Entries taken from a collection
====

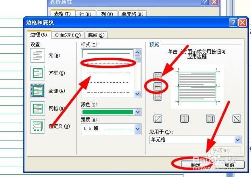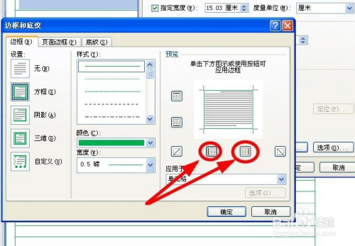 在“边框和底纹”对话框的预览窗口,别离单击这里,打消边框,单击“确定”
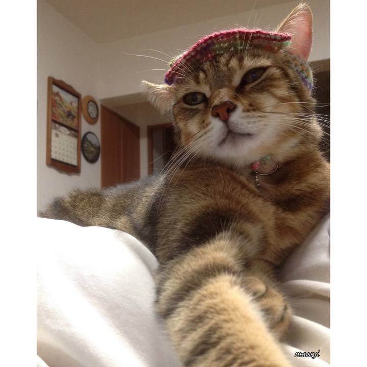 #ねこ句#ねこ人類#帽子#かぶりもの#猫#キジトラ ご飯まで 新作帽の モデル猫
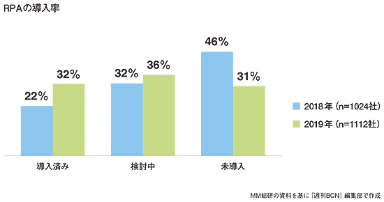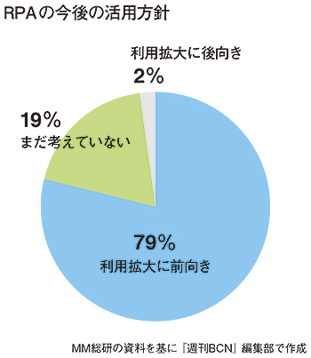 MM総研の調査によると、2019年1月時点で年商50億円以上の企業1112社のうち、RPAを導入済みの企業は32%。18年6月時点と比べて約10ポイント近く増加しており、大企業を中心としてRPAの利用が拡大傾向にあるとみられる。また、注目すべきは、導入済み企業の中で利用拡大に前向きな方針を持つ企業が79%に上ることだ。導入済みの多くの企業がRPAの効果に高い満足度を示しており、スケールアップに高い関心を持っていることが分かる。
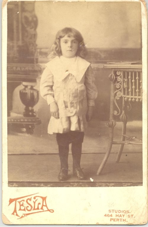 Print of sepia studio portrait of Reg Cargeeg as a child. He is wearing a long-sleeved, pleated tunic with large collar, over knee-length dark pants, with dark stockings and shoes. His curly hair is shoulder length. He is posed with an array of studio props including mat, cane and wicker table, urn, pillar and cyclorama. Lower left, in red, is [TESLA] and on the right [STUDIOS./ 464 HAY ST./PERTH.]
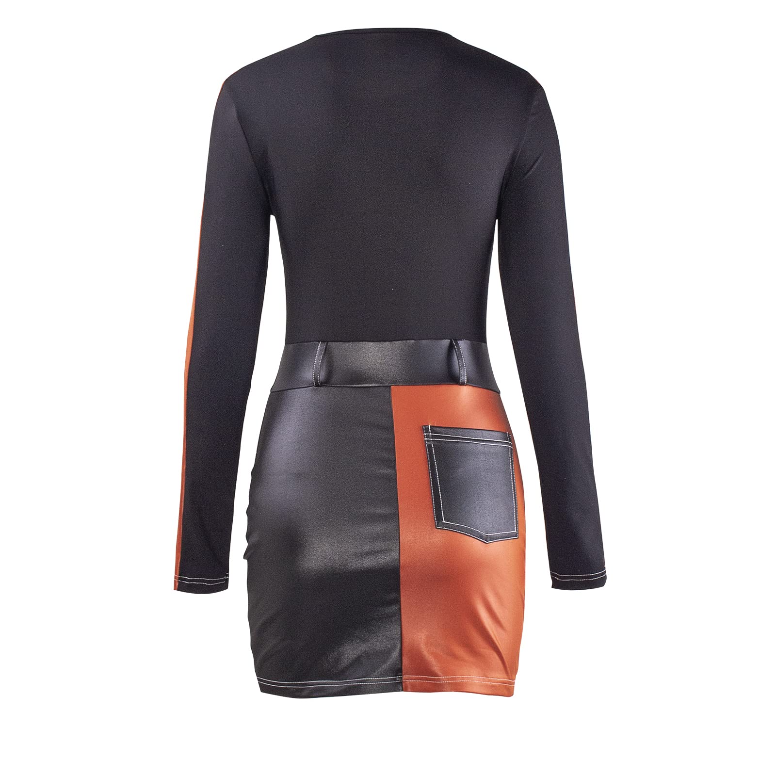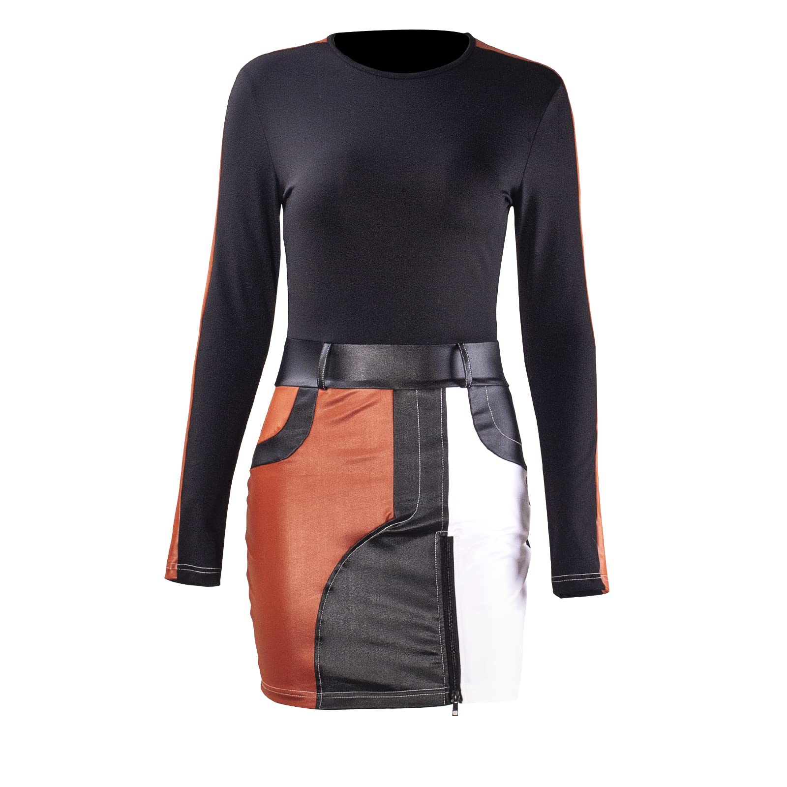 • Features: long sleeve mini dress, crewneck, patchwork dress, color block mini dress for women, sexy zipper dress, high waist with belt loop, backside with pocket. Women sexy long sleeve zipper slit bodycon mini dress
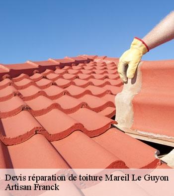 Artisan Franck est un professionnel reconnu en matière de réparation de toiture. Que vous avez un toit plat, arrondi ou en pente, et quel que soit le type de couverture dont vous disposez, si vous rencontrez n’importe quel souci avec votre structure, choisissez de vous adressez à son équipe. Cette dernière peut intervenir partout dans la ville de Mareil Le Guyon, dans le 78490, mais aussi dans ses environs. Si vous voulez découvrir ses prix, vous pouvez lui demander de vous établir un devis détaillé sans engagement.
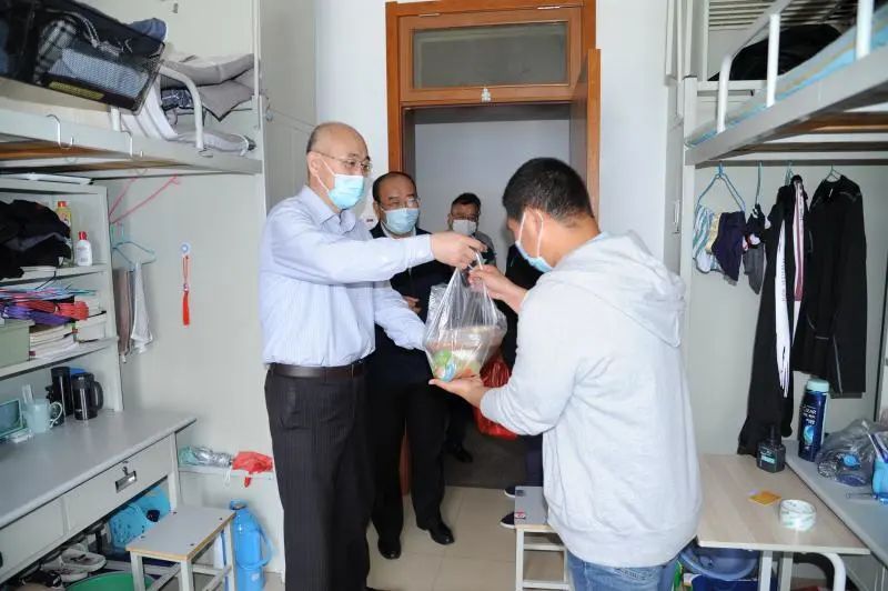 中午12:00左右和下午5:30左右,学生就能吃上学校领导送到宿舍的香喷喷的饭菜。学校领导在送餐的同时向同学们送去问候和祝福,提醒学生放心用餐、调整心态,尽快适应返校后的生活。
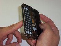 Find a gap on the top side of the phone and pry apart the phone case using the plastic opening tool . Use moderate pressure to slowly maneuver around until the case is pryed apart.
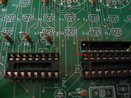 - step3:依序焊接IC座,及排阻(請注意方向)IC做的缺口要和PCB板上的一向,排阻的第一PIN(白點處),要與PCB標示一致.
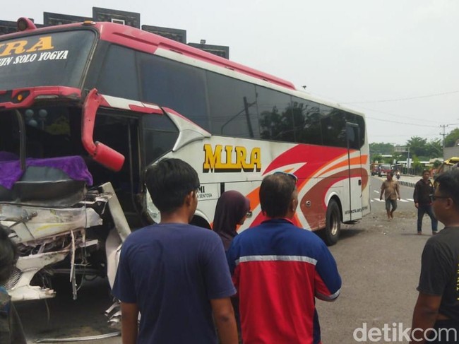Satu unit bus PO Mira terlibat kecelakaan dengan truk dump bermuatan pasir di simpang empat Tegalyoso, Kecamatan Klaten Selatan, Klaten. Bus dan truk itu mengalami kerusakan di bagian depan.
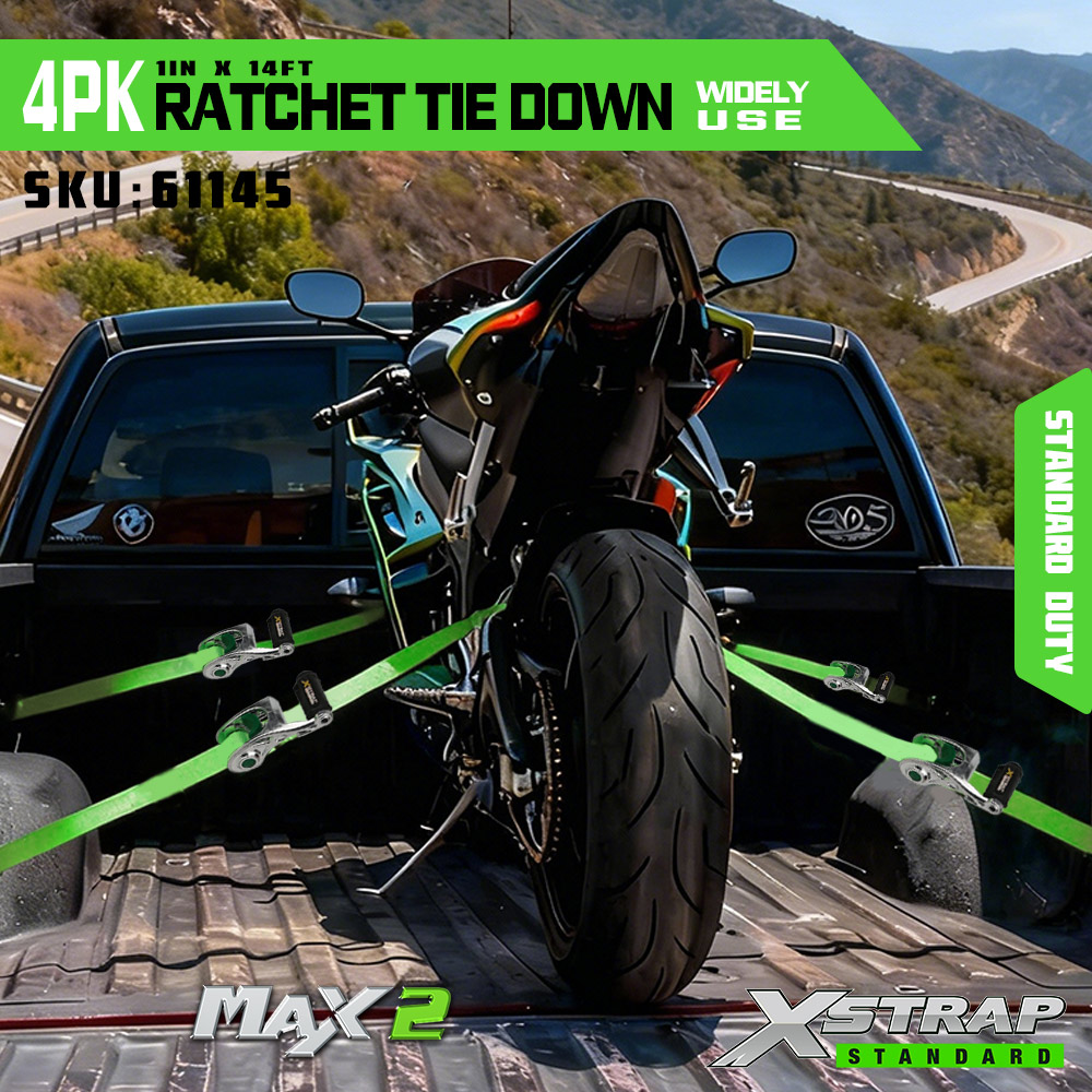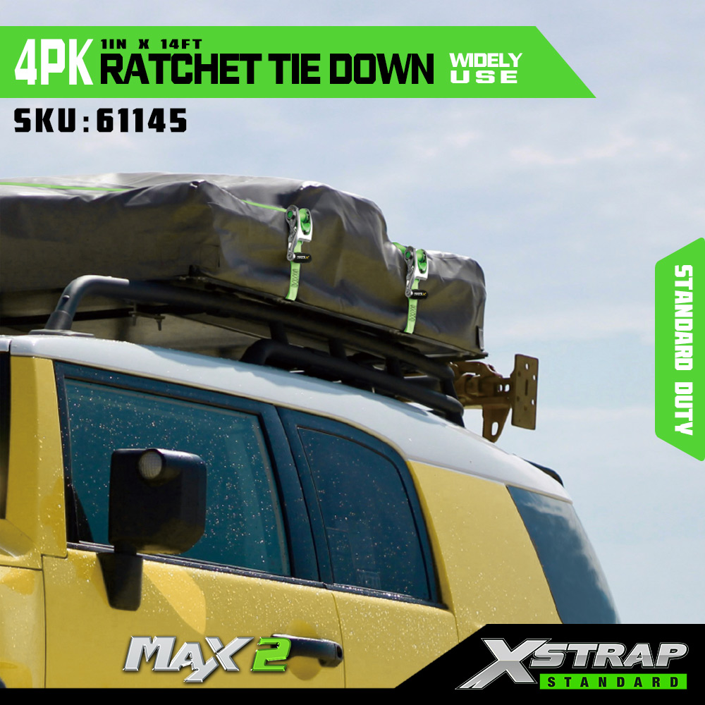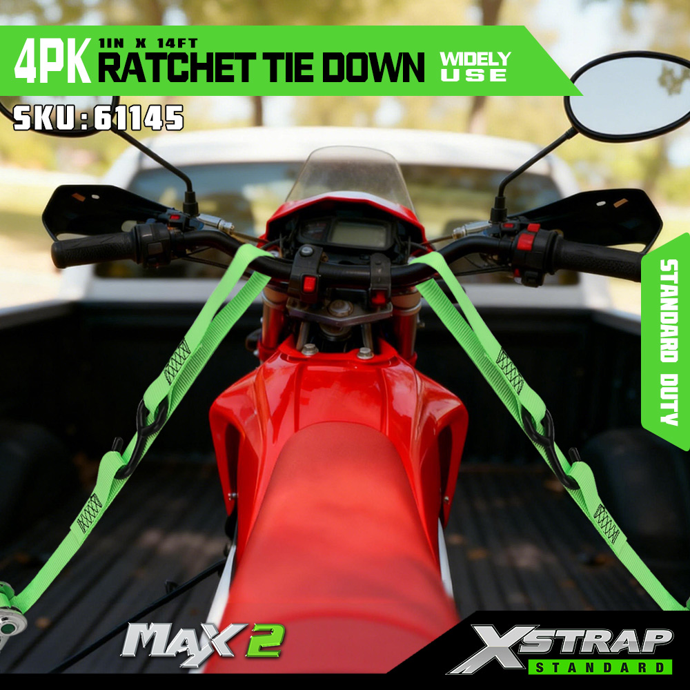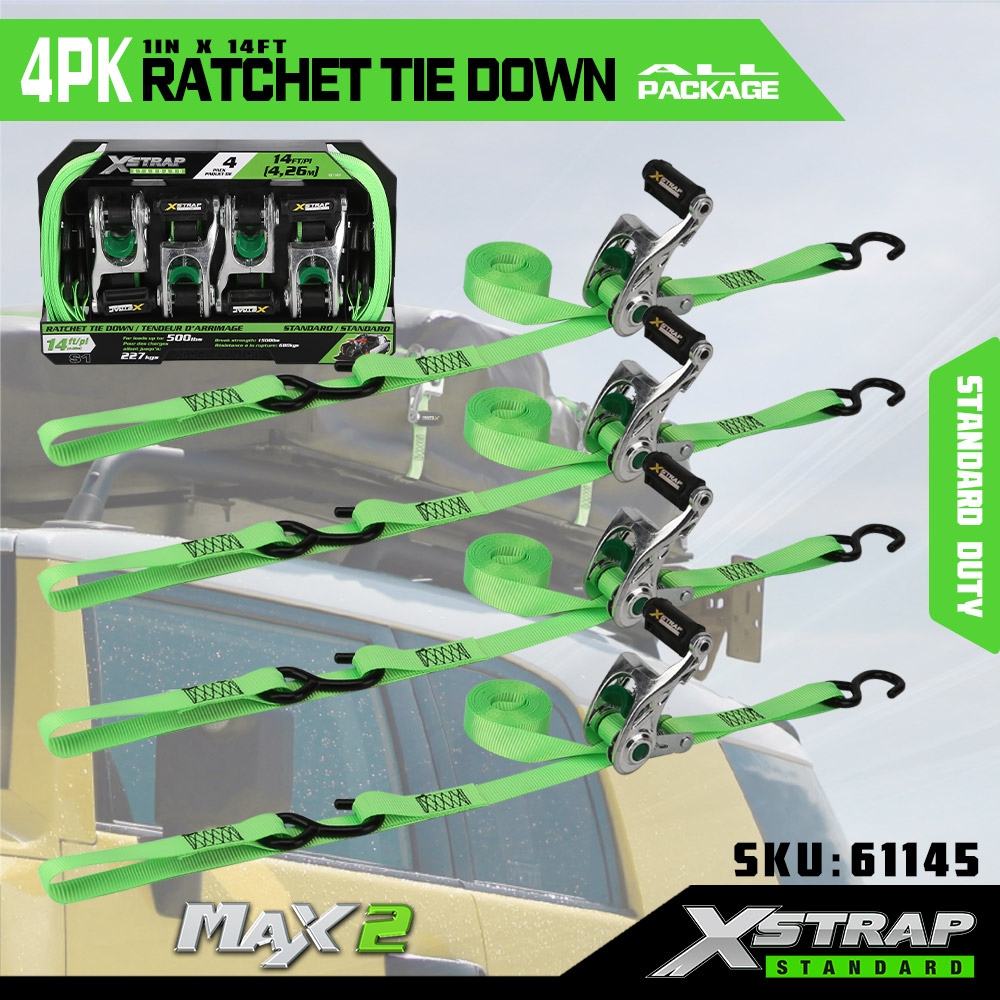 Xstrap 4 pachete de prindere cu clichet cu buclă moale, curea de prindere din poliester de 1 inch x 14 pi Curea cu clichet de tragere, curele de fixare pentru încărcătură cu o capacitate de 1000 lbs cu cârlige în S pentru camion, SUV, rafturi superioare auto motociclete.
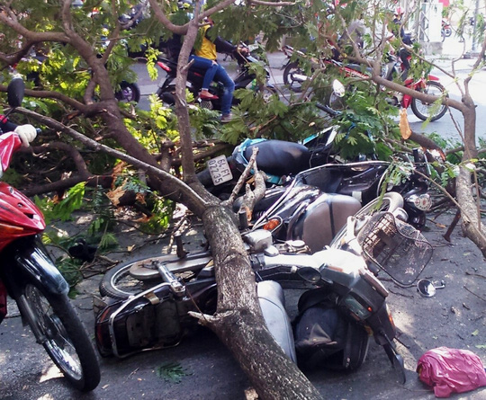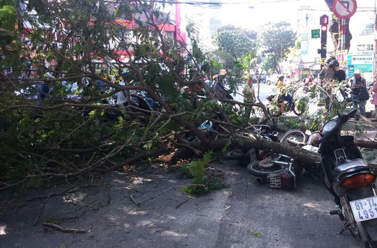 Old  Default Sài gòn: Nhánh cây đột nhiên gãy rơi đè 3 người lăn quay giữa đường.
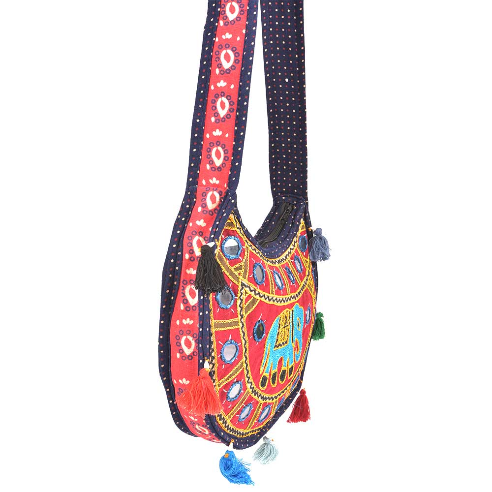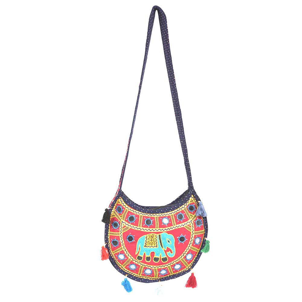 Navy Blue Red Semi Circle Elephant Embroidered Sling Bag
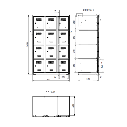 Nízka kovová šatňová skriňa s priehradkami. Vhodná pre predškolákov vďaka zníženej konštrukcii.
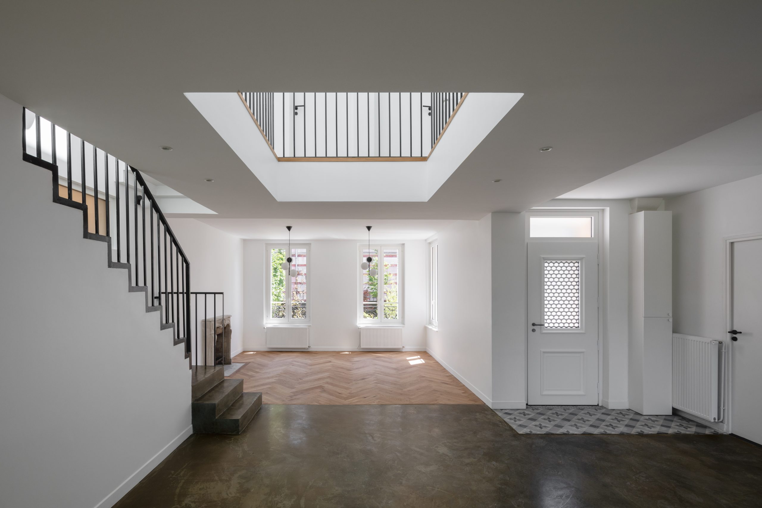 At the heart of the home, a double-height central volume brings natural light into every level. The ground floor hosts an open-plan kitchen, dining room, and living area. A concrete staircase rises to a mezzanine bathed in daylight beneath a large skylight, organizing access to the bedrooms. The basement was excavated to increase ceiling height, allowing for the creation of guest quarters and a home cinema.

====

WORK TO BE COMPLETED -
Copy each line of the records above without change, but do not include any picture.

EXERCISE OUTPUT -
 在“边框和底纹”对话框的预览窗口,别离单击这里,打消边框,单击“确定”
 #ねこ句#ねこ人類#帽子#かぶりもの#猫#キジトラ ご飯まで 新作帽の モデル猫
 MM総研の調査によると、2019年1月時点で年商50億円以上の企業1112社のうち、RPAを導入済みの企業は32%。18年6月時点と比べて約10ポイント近く増加しており、大企業を中心としてRPAの利用が拡大傾向にあるとみられる。また、注目すべきは、導入済み企業の中で利用拡大に前向きな方針を持つ企業が79%に上ることだ。導入済みの多くの企業がRPAの効果に高い満足度を示しており、スケールアップに高い関心を持っていることが分かる。
 Print of sepia studio portrait of Reg Cargeeg as a child. He is wearing a long-sleeved, pleated tunic with large collar, over knee-length dark pants, with dark stockings and shoes. His curly hair is shoulder length. He is posed with an array of studio props including mat, cane and wicker table, urn, pillar and cyclorama. Lower left, in red, is [TESLA] and on the right [STUDIOS./ 464 HAY ST./PERTH.]
 • Features: long sleeve mini dress, crewneck, patchwork dress, color block mini dress for women, sexy zipper dress, high waist with belt loop, backside with pocket. Women sexy long sleeve zipper slit bodycon mini dress
 Artisan Franck est un professionnel reconnu en matière de réparation de toiture. Que vous avez un toit plat, arrondi ou en pente, et quel que soit le type de couverture dont vous disposez, si vous rencontrez n’importe quel souci avec votre structure, choisissez de vous adressez à son équipe. Cette dernière peut intervenir partout dans la ville de Mareil Le Guyon, dans le 78490, mais aussi dans ses environs. Si vous voulez découvrir ses prix, vous pouvez lui demander de vous établir un devis détaillé sans engagement.
 中午12:00左右和下午5:30左右,学生就能吃上学校领导送到宿舍的香喷喷的饭菜。学校领导在送餐的同时向同学们送去问候和祝福,提醒学生放心用餐、调整心态,尽快适应返校后的生活。
 Find a gap on the top side of the phone and pry apart the phone case using the plastic opening tool . Use moderate pressure to slowly maneuver around until the case is pryed apart.
 - step3:依序焊接IC座,及排阻(請注意方向)IC做的缺口要和PCB板上的一向,排阻的第一PIN(白點處),要與PCB標示一致.
Satu unit bus PO Mira terlibat kecelakaan dengan truk dump bermuatan pasir di simpang empat Tegalyoso, Kecamatan Klaten Selatan, Klaten. Bus dan truk itu mengalami kerusakan di bagian depan.
 Xstrap 4 pachete de prindere cu clichet cu buclă moale, curea de prindere din poliester de 1 inch x 14 pi Curea cu clichet de tragere, curele de fixare pentru încărcătură cu o capacitate de 1000 lbs cu cârlige în S pentru camion, SUV, rafturi superioare auto motociclete.
 Old  Default Sài gòn: Nhánh cây đột nhiên gãy rơi đè 3 người lăn quay giữa đường.
 Navy Blue Red Semi Circle Elephant Embroidered Sling Bag
 Nízka kovová šatňová skriňa s priehradkami. Vhodná pre predškolákov vďaka zníženej konštrukcii.
 At the heart of the home, a double-height central volume brings natural light into every level. The ground floor hosts an open-plan kitchen, dining room, and living area. A concrete staircase rises to a mezzanine bathed in daylight beneath a large skylight, organizing access to the bedrooms. The basement was excavated to increase ceiling height, allowing for the creation of guest quarters and a home cinema.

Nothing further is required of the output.